From the traditional consumer value lens, audiences are winning: Streaming subscriptions usually cost less than traditional cable bundles, while providing access to a broad range of titles as libraries consolidate. But the market looks very different from the vantage point of smaller competitors: independent producers and distributors such as A24, Neon and Kino Lorber.
Small producers have always had to fight against the big studios to get their films seen. But they also relied on a robust independent theater market to help them break out. “Moonlight,” “Tangerine” and “Parasite,” for example, built their audiences first through word of mouth before becoming must-see theatrical hits and eventual award winners.

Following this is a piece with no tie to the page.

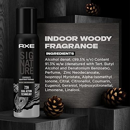 Infused with the sophisticated aromas of Cashmere wood, Cedarwood, and Pimento berries, the AXE Signature Corporate no-gas body deodorant for men exudes elegance and lasting intensity, much like the quintessential executive. Additionally, this long-lasting deodorant contains 0% gas, contributing to its refreshing sensation.
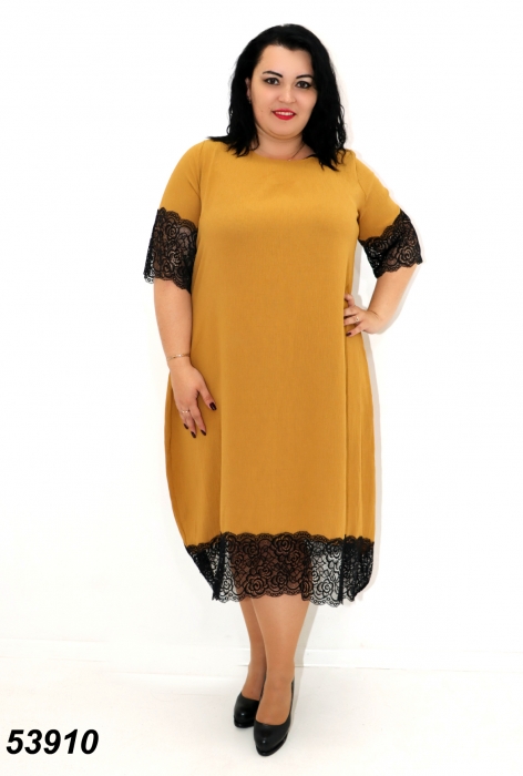 Ткань: софт фактурный «Жатка».СВОБОДНЫЙ КРОЙ (Состав 35% хлопок, 40% вискоза, 25% полиэстер) украшено стрейч кружевом Размер: 50, 56, 60, 64 (длин.- 115см)

This arrangement was sustained by both producers and exhibitors wanting these films to financially succeed. Even when studio subsidiaries like Sony Pictures Classics distribute art-house films, they have to compete on the same playing field.
Under streaming, however, the switch to a subscription service upends that dynamic. Once a film is on the site, Netflix does not necessarily make an effort to make sure audiences hit play, and often it “buries” licensed films to prioritize its exclusive content.
While co-founder Ted Sarandos claims that a Netflix hit makes “a billion dollars of box office in terms of cultural impact,” when was the last time someone mentioned, say, “6 Underground” or “Thunder Force”? Or go to Amazon Prime Video’s home page and see how hard it can be to find Barry Jenkins’ highly acclaimed series “The Underground Railroad.” The new goal seems to hope for “Game of Thrones”-like hits, with the rest of the content as simply arbitrary filler.